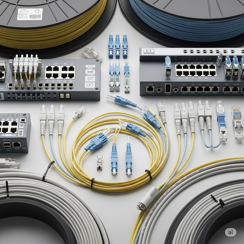 Cabos e equipamentos de rede com etiquetas em fundo branco
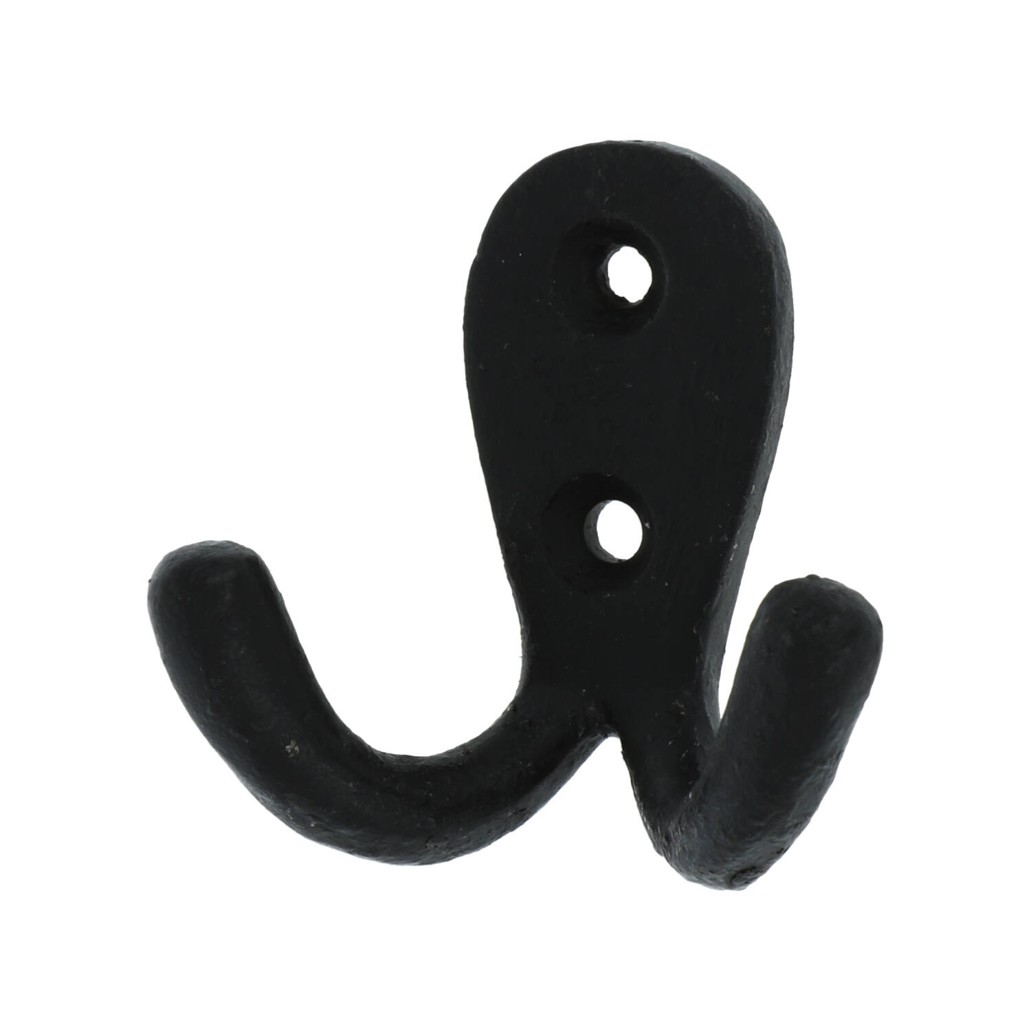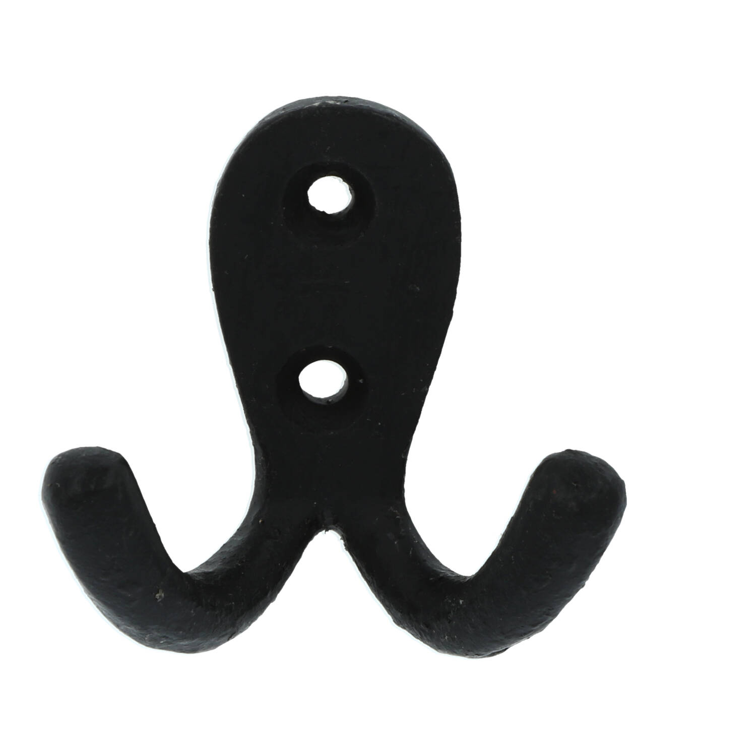 Kapstokhaak klein dubbel ijzer zwart waxlaag
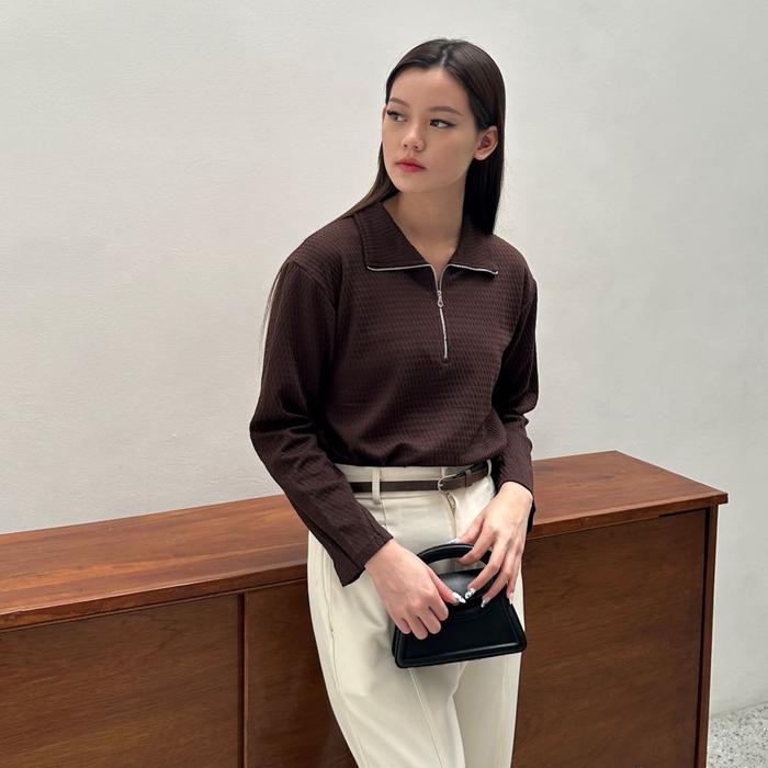 Caerys - Vina Top - Atasan Lengan Panjang Wanita - Long Sleeved Cream Fit Knitwear Rib Basic Baju Casual

* [About this exercise]
Pictures are to be dropped, and the lines from the line with "Kapstokhaak klein dubbel ijzer zwart waxlaag" through the end of the material above are to be reproduced exactly.

* [Task response]
 Kapstokhaak klein dubbel ijzer zwart waxlaag
 Caerys - Vina Top - Atasan Lengan Panjang Wanita - Long Sleeved Cream Fit Knitwear Rib Basic Baju Casual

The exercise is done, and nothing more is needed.